Бутылка перешла в руки монахини, а от нее — к нам и начала свое путешествие от одной воспитанницы к другой. Мы готовы были поклясться, что она ведет свое происхождение из кладовки под нашей лестницей. Вместо этикетки сиропа «Фамела» на одной стороне бутылки был приклеен маленький образок божьей матери, а на другой прилеплена бумажка с чернильной надписью: «Лурдская вода».

— Сестра позволит мне сохранить эту бутылку как яркий пример результатов вашей воспитательной системы, — с удовлетворением сказал врач и взял из рук Аниельки бутылку.

— На основании чего пан может предполагать, что это именно из нашего учреждения?

— Я ничего не предполагаю. Я говорю только то, о чем знаю и в чем твердо уверен. Одна из моих пациенток похвасталась как-то, что купила на базаре настоящую святую воду из Лурда и делает из нее себе компрессы. Пошел я на базар. Среди возов и торговок крутилась девчонка. Среднего роста, горбатая. Продавала эти вот фляжки — по злотому за штуку — и клялась всеми святыми, что воду привезли сестры из самого Лурда. Когда я пригрозил ей полицией, девчонка призналась, что она — воспитанница вашего приюта…

Сестра Алоиза едва не упала в обморок. Не обращая внимания на угрожающую бледность, покрывшую лицо монахини, и указывая рукою в сторону малышек, которые устремили свои взгляды на монахиню, Шайтан безжалостно продолжал:

— Если эти младенцы должны угодить на небо, то советовал бы почаще применять гребень. Одного вашего приюта достаточно для того, чтобы все ангелы начали чесаться. Святость требует значительно больше воды и мыла, чем это представляется монахиням. Я сюда еще приду. До свидания!

И он ушел. При виде подергивающихся у сестры Алоизы щек все сироты трусливо разбежались. Одна Зоська не успела удрать.

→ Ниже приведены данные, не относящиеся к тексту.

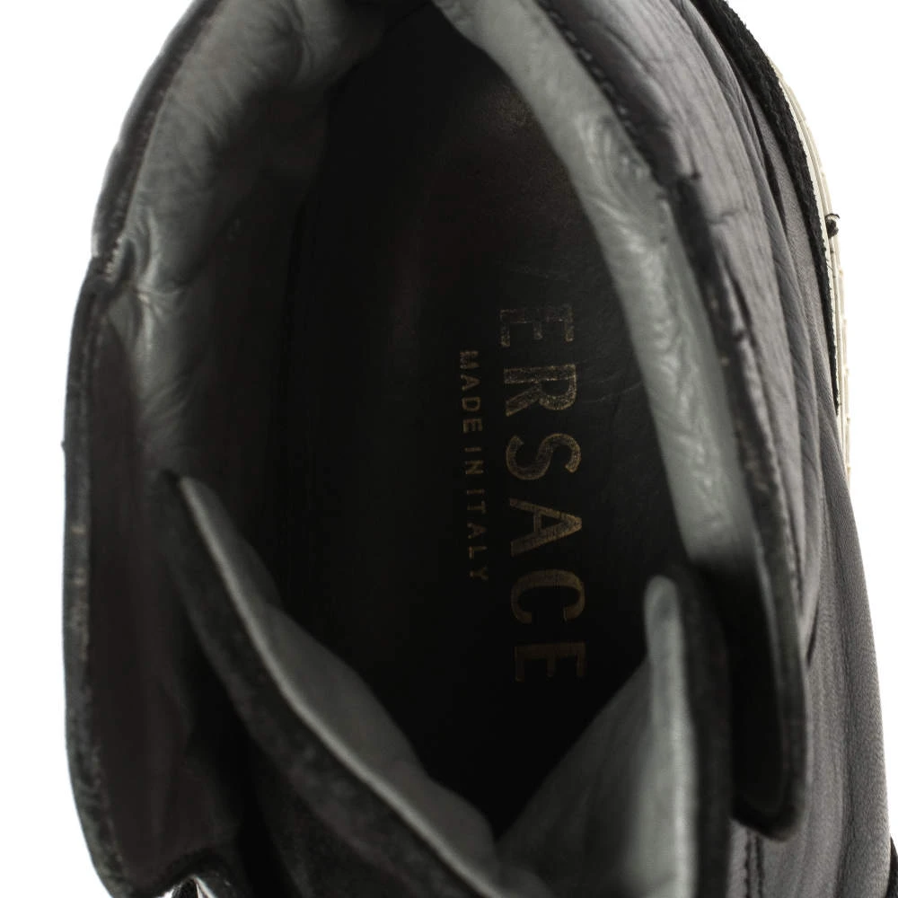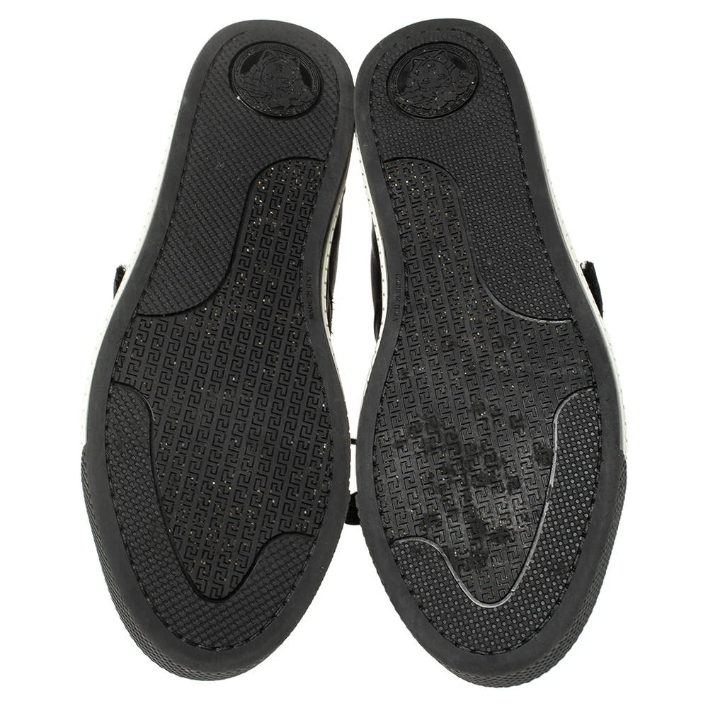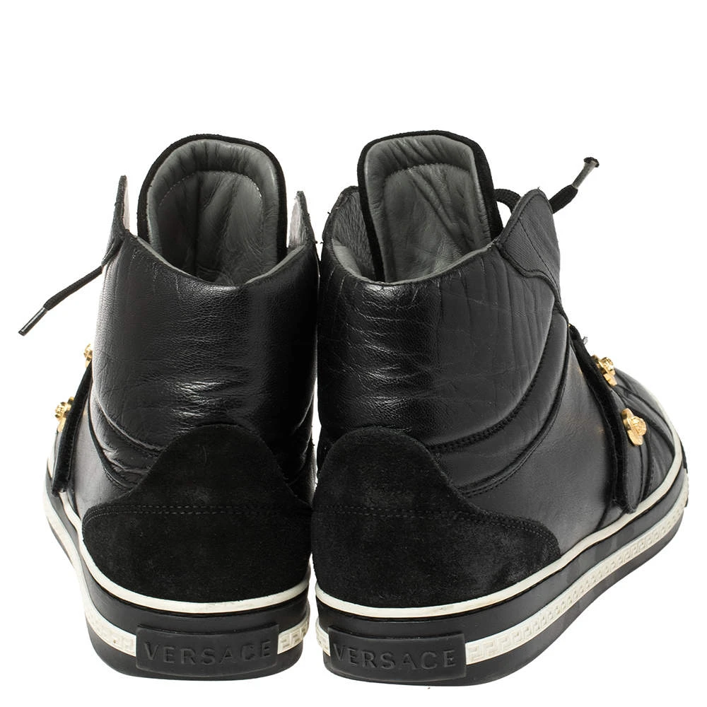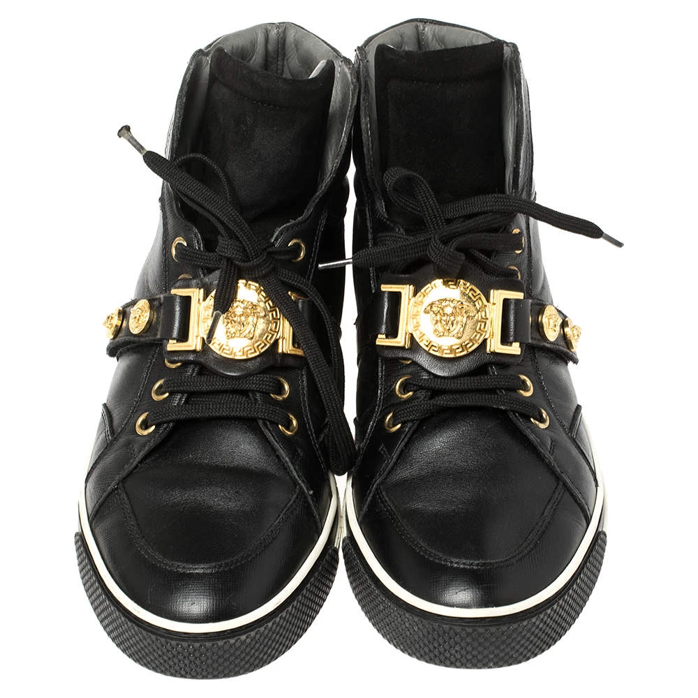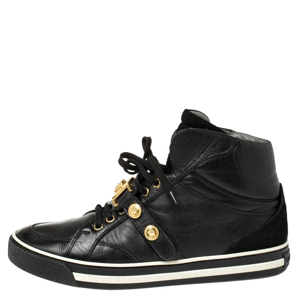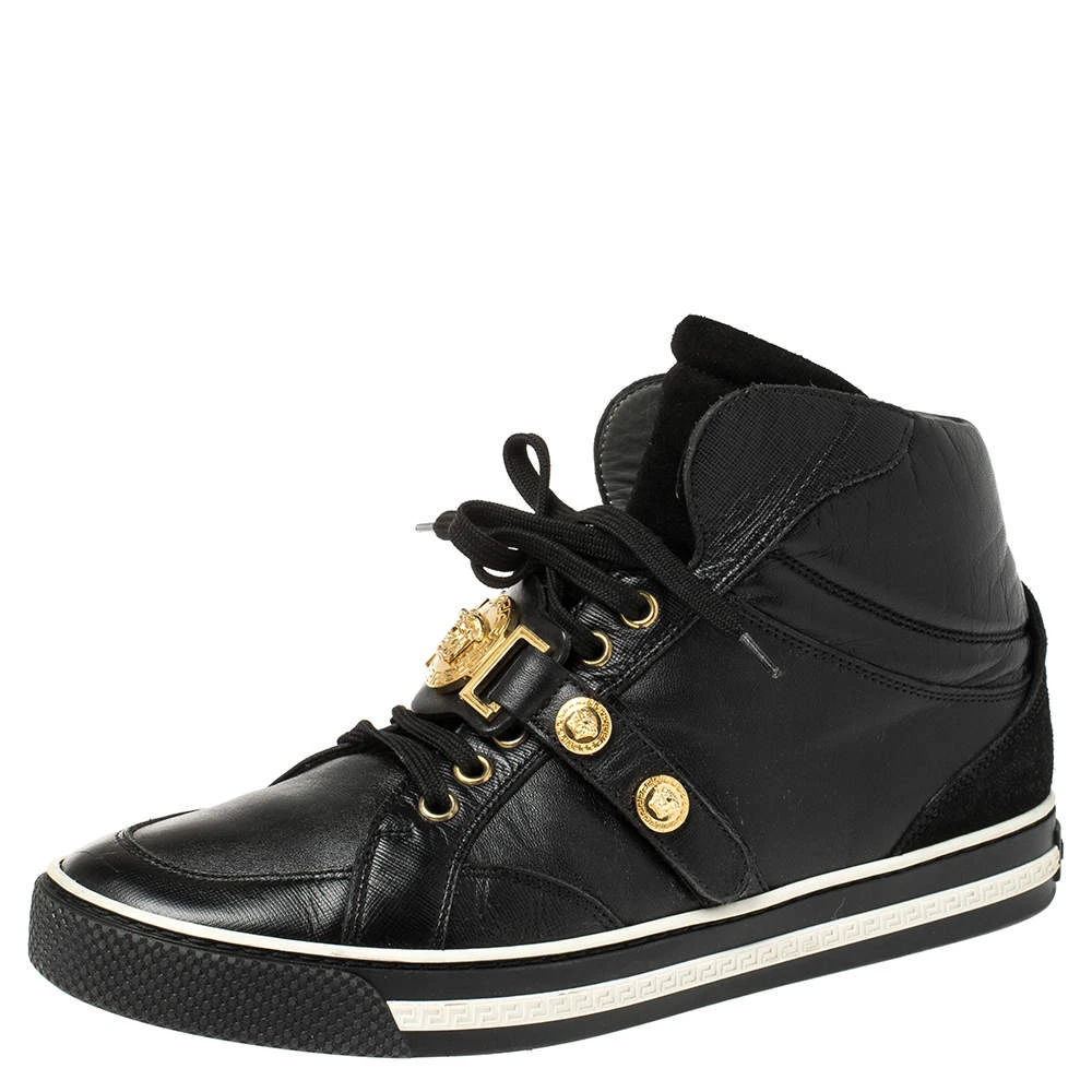 Brimming with fabulous details, these Versace sneakers are crafted from leather and suede into a high-top silhouette and feature round toes and the signature Medusa logo detailing, and lace-ups on the vamps. Comfortable insoles and a trendy appeal make these sneakers a must-buy.

Сестра Алоиза схватила ее за руку, отвела в хлев и там заперла. Когда монахини отправились по кельям, мы пытались освободить Зоську; подбадривали ее громкими криками через замочную скважину, призывали ничего не бояться и, возбужденные, чего-то ожидающие, слонялись по всему приюту.

Вечером монахиня-воспитательница появилась в трапезной с большущими ножницами в руках.

— Теперь сестра Алоиза поотрезает малышам головы — и со вшами будет все покончено, — громко сострила я.

Малышки подняли рев; монахиня выгнала меня из трапезной.

— Всем малышам построиться шеренгами, лицом к буфету!

Настороженные, они неохотно выполнили приказ. Идя от одной к другой, сестра Алоиза несколькими взмахами огромных ножниц освобождала головы малышек от волос. Через час из-за стола виднелось несколько голых голов-кочерыжек, а светлые и темные космы полыхали в печи. Это было величайшим достижением медицины и прогресса за всю историю нашего приюта.

Сестра Алоиза, которая вновь обрела душевное равновесие и самообладание, говорила с улыбкой сестре Юзефе:

— У меня давно уже было намерение сделать это. И если я не спешила, то лишь потому, что девчушкам так к лицу были косички. Теперь же они не смогут завязывать банты.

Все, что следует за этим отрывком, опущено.